Exercise aim
Pictures stay out. All the rest of the records must be repeated exactly.

BEGIN Dataset

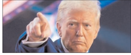
ईरान से वार्ता विफल होने पर भड़के ट्रम्प, ईरान को बताया जिम्मेदार
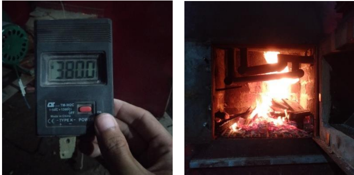
Gambar Uji Coba PLTSa
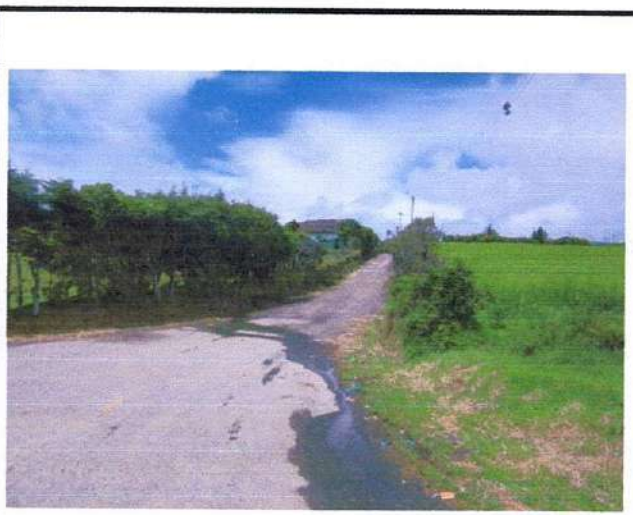
CARRETEABLE ACCESO AL PREDIO ✓
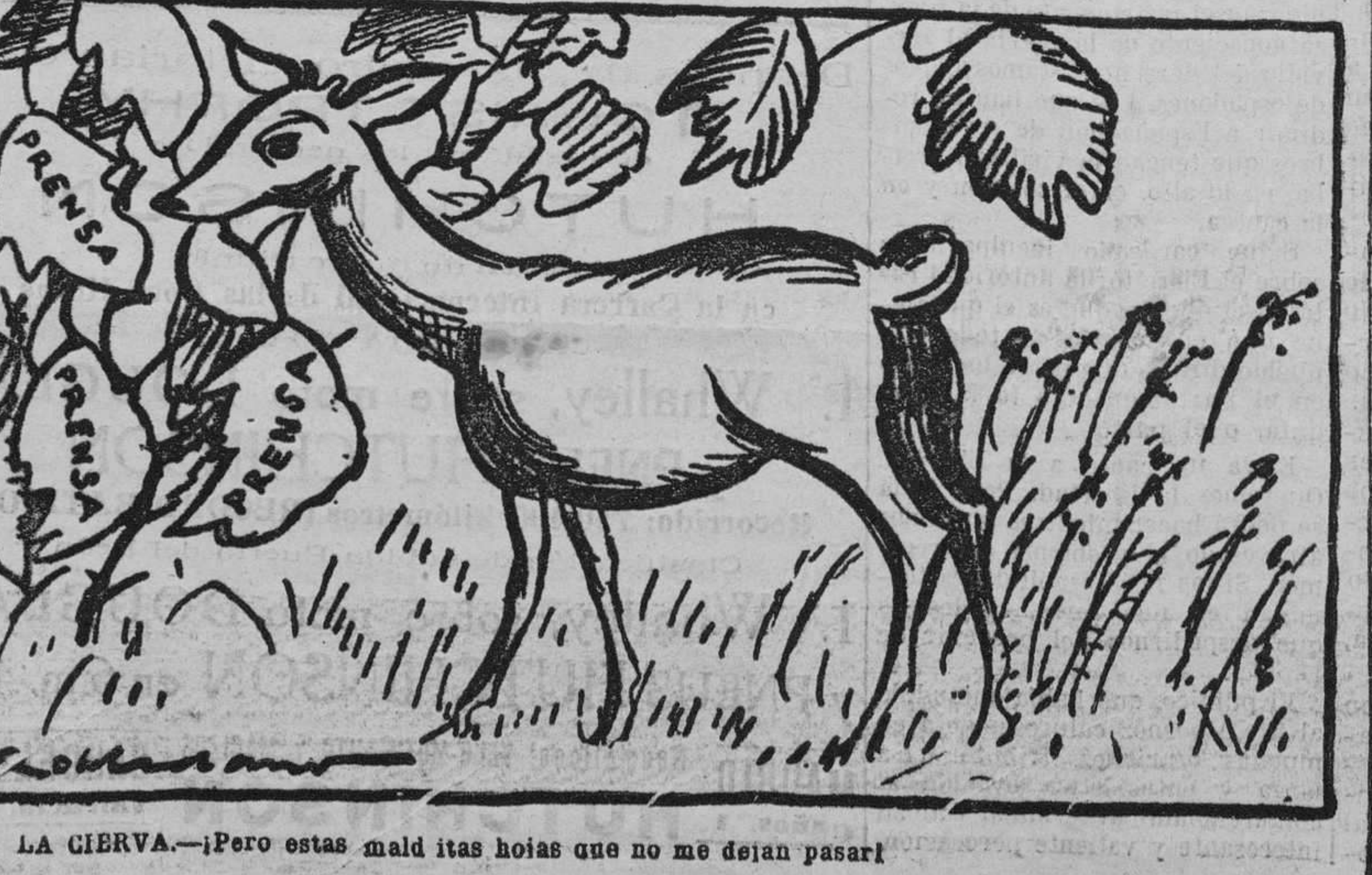
LA CIERVA.—¡Pero estas malditas hoiyas que no me dejan pasar!
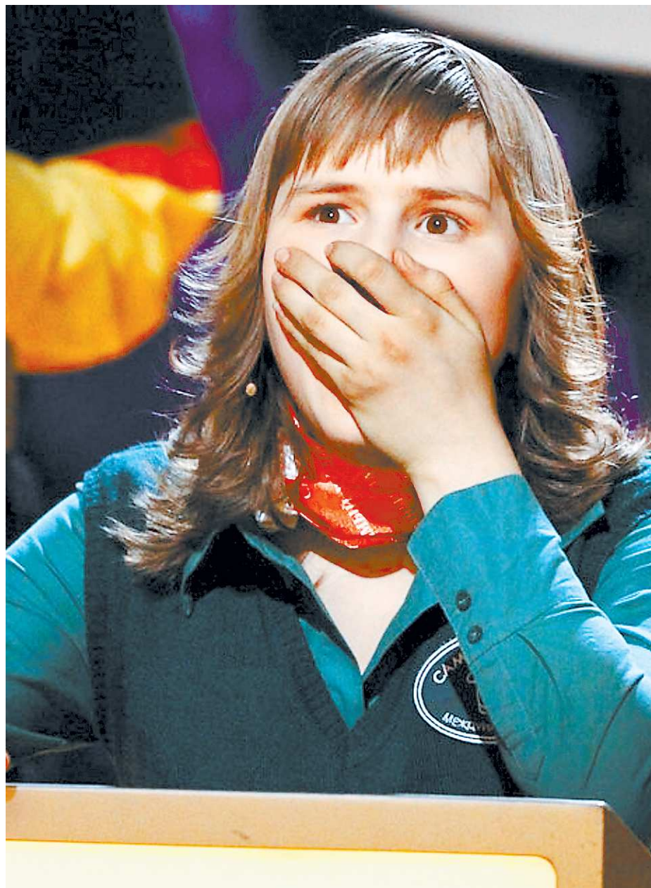
Кадр из телепрограммы «Самый умный»
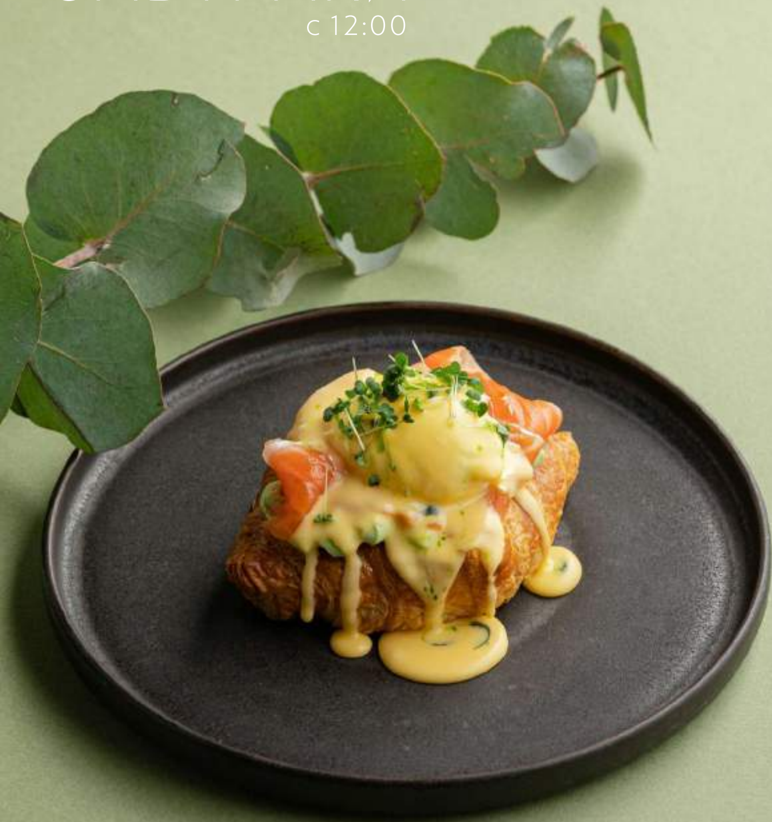
Круассан с форелью, авокадо и яйцом пашот 1190

Если у вас есть аллергия на какие-либо ингредиенты, пожалуйста, сообщите об этом своему официанту.
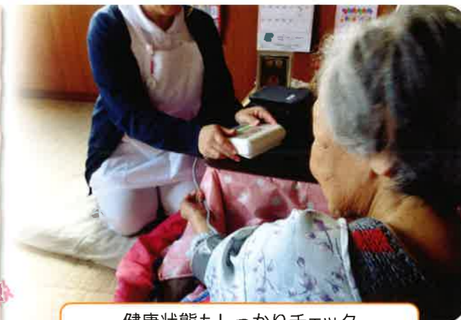
健康状態もしっかりチェック

市内で一人暮らしをしている母が心配で、気にはしているが、県外で暮らす私も生活があり中々様子を見に行けず…。一時は仕事を辞めないといけないと思っていましたが、南天の郷のスタッフさんが一日一回様子を見に行き下さり、毎週連絡を下さるので安心してお任せ出来ています。電球の交換から冬の雪かきまで、細かいところも手伝ってくれるので母も感謝しています。

END Dataset

Answer to the problem
ईरान से वार्ता विफल होने पर भड़के ट्रम्प, ईरान को बताया जिम्मेदार
Gambar Uji Coba PLTSa
CARRETEABLE ACCESO AL PREDIO ✓
LA CIERVA.—¡Pero estas malditas hoiyas que no me dejan pasar!
Кадр из телепрограммы «Самый умный»
Круассан с форелью, авокадо и яйцом пашот 1190

Если у вас есть аллергия на какие-либо ингредиенты, пожалуйста, сообщите об этом своему официанту.
健康状態もしっかりチェック

市内で一人暮らしをしている母が心配で、気にはしているが、県外で暮らす私も生活があり中々様子を見に行けず…。一時は仕事を辞めないといけないと思っていましたが、南天の郷のスタッフさんが一日一回様子を見に行き下さり、毎週連絡を下さるので安心してお任せ出来ています。電球の交換から冬の雪かきまで、細かいところも手伝ってくれるので母も感謝しています。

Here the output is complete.